• [DIRECTIONS]: In the copy, every record below must appear exactly as given, and no picture may appear.

----------------

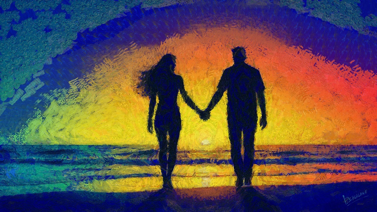 This impressionistic digital painting captures a silhouetted couple walking hand-in-hand along a beach at sunset. With vibrant skies and gentle waves, it evokes warmth, connection, and serenity. Perfect for romantic decor or heartfelt gifting.
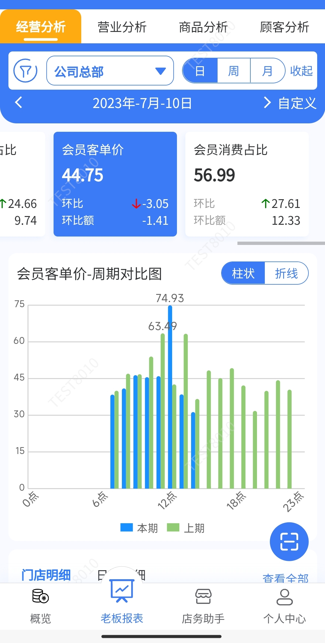 根據(jù)會(huì)員客單價(jià)占比生成每日、每周、每月周期對(duì)比數(shù)據(jù)分析。
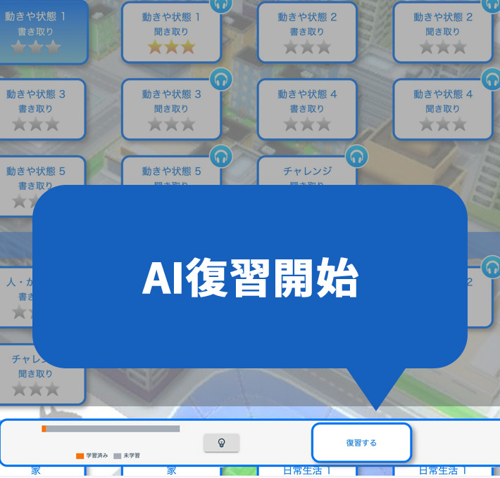 復習対象の単語があると、ステージ一覧画面の下部の 「復習する」ボタンが押せるようになります。 復習対象の単語はSTEP 1.で追加された単語だけでなく、 時間が経って忘れてしまっていそうな単語をAIが自動で追加します。
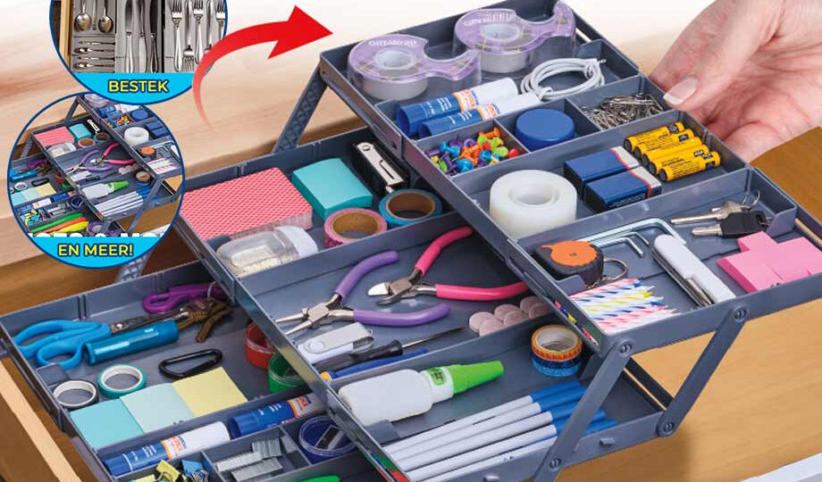 Rondslingerende spullen in lades? Niet meer met deze slimme lade-organizer. Van sieraden tot keukengerei, alles krijgt een eigen plekje. Drie verdiepingen vol opberggeluk Met 3 niveaus en 12 verstelbare verdelers pas je deze organizer helemaal aan. Zo benut je elke centimeter en blijft alles netjes geordend. Sterk, stijlvol en praktisch Gemaakt van stevig ABS-materiaal, klaar…
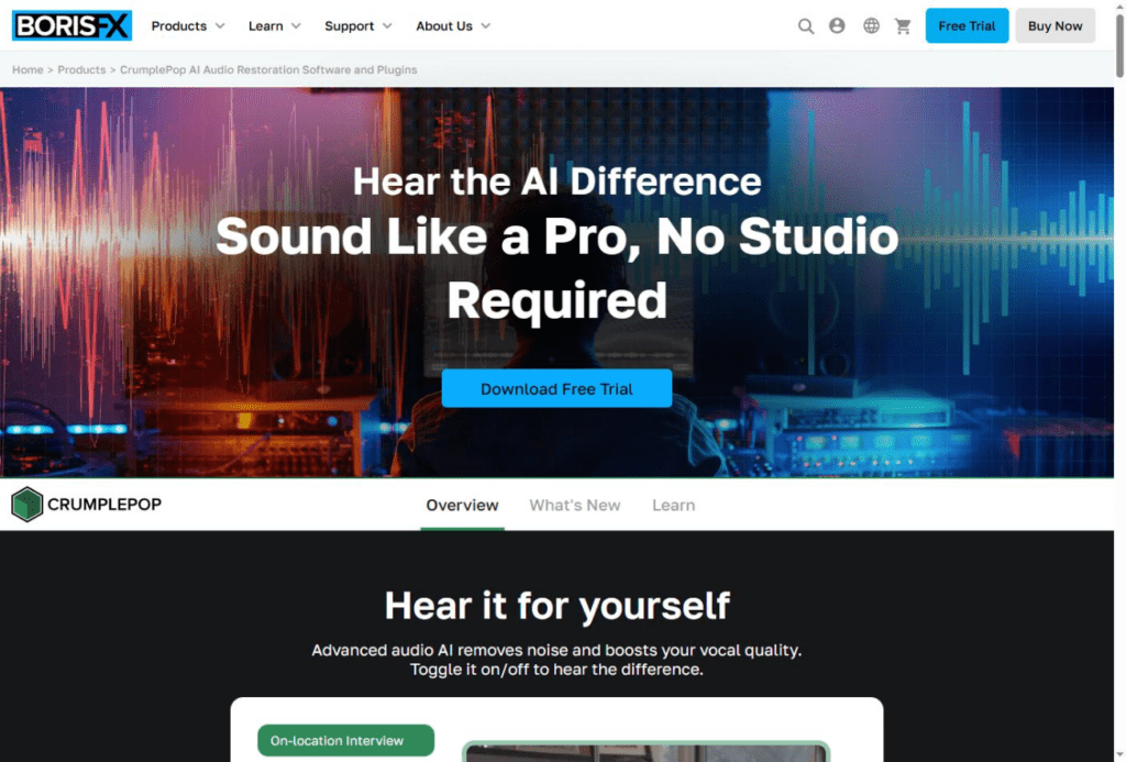 CrumplePop offers a suite of AI plugins (now owned by Boris FX) that plug directly into Premiere Pro, Audition, or Final Cut. They are famous for their simple interface.
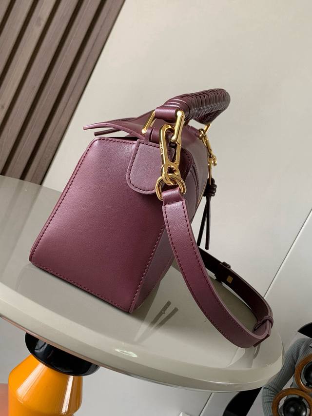 The new small Puzzle handbag in soft calfskin leather is the first tote bag designed by Creative Director Jonathan Anderson. Its rectangular shape and precise cutting techniques create Puzzle's unique geometric lines. This small version is crafted from soft calfskin leather and features a unique woven handle. * This small Puzzle handbag can hold, for example, a large wallet, all-size phones, and sunglasses. It can be worn over the shoulder, crossbody, carried by hand, or held in the hand. Detachable and adjustable shoulder strap. * Zipper closure with calfskin zipper pulls. External zippered back pocket and an internal slip pocket. * Customization is available with shoulder straps and personalized charms. * Suede lining. * Anagram embossing. Size: 24cm
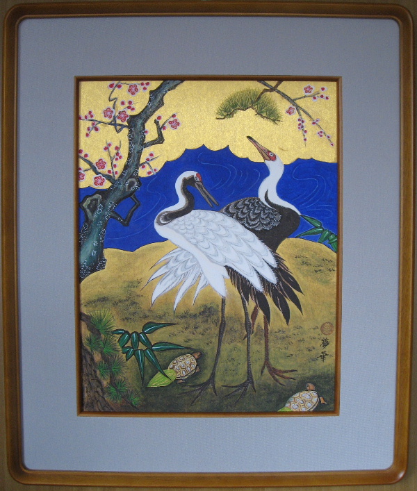 お正月に玄関に飾る縁起物にと、水墨に彩色して、鶴亀と松竹梅です

----------------

• [WRITTEN ANSWER]:
 This impressionistic digital painting captures a silhouetted couple walking hand-in-hand along a beach at sunset. With vibrant skies and gentle waves, it evokes warmth, connection, and serenity. Perfect for romantic decor or heartfelt gifting.
 根據(jù)會(huì)員客單價(jià)占比生成每日、每周、每月周期對(duì)比數(shù)據(jù)分析。
 復習対象の単語があると、ステージ一覧画面の下部の 「復習する」ボタンが押せるようになります。 復習対象の単語はSTEP 1.で追加された単語だけでなく、 時間が経って忘れてしまっていそうな単語をAIが自動で追加します。
 Rondslingerende spullen in lades? Niet meer met deze slimme lade-organizer. Van sieraden tot keukengerei, alles krijgt een eigen plekje. Drie verdiepingen vol opberggeluk Met 3 niveaus en 12 verstelbare verdelers pas je deze organizer helemaal aan. Zo benut je elke centimeter en blijft alles netjes geordend. Sterk, stijlvol en praktisch Gemaakt van stevig ABS-materiaal, klaar…
 CrumplePop offers a suite of AI plugins (now owned by Boris FX) that plug directly into Premiere Pro, Audition, or Final Cut. They are famous for their simple interface.
 The new small Puzzle handbag in soft calfskin leather is the first tote bag designed by Creative Director Jonathan Anderson. Its rectangular shape and precise cutting techniques create Puzzle's unique geometric lines. This small version is crafted from soft calfskin leather and features a unique woven handle. * This small Puzzle handbag can hold, for example, a large wallet, all-size phones, and sunglasses. It can be worn over the shoulder, crossbody, carried by hand, or held in the hand. Detachable and adjustable shoulder strap. * Zipper closure with calfskin zipper pulls. External zippered back pocket and an internal slip pocket. * Customization is available with shoulder straps and personalized charms. * Suede lining. * Anagram embossing. Size: 24cm
 お正月に玄関に飾る縁起物にと、水墨に彩色して、鶴亀と松竹梅です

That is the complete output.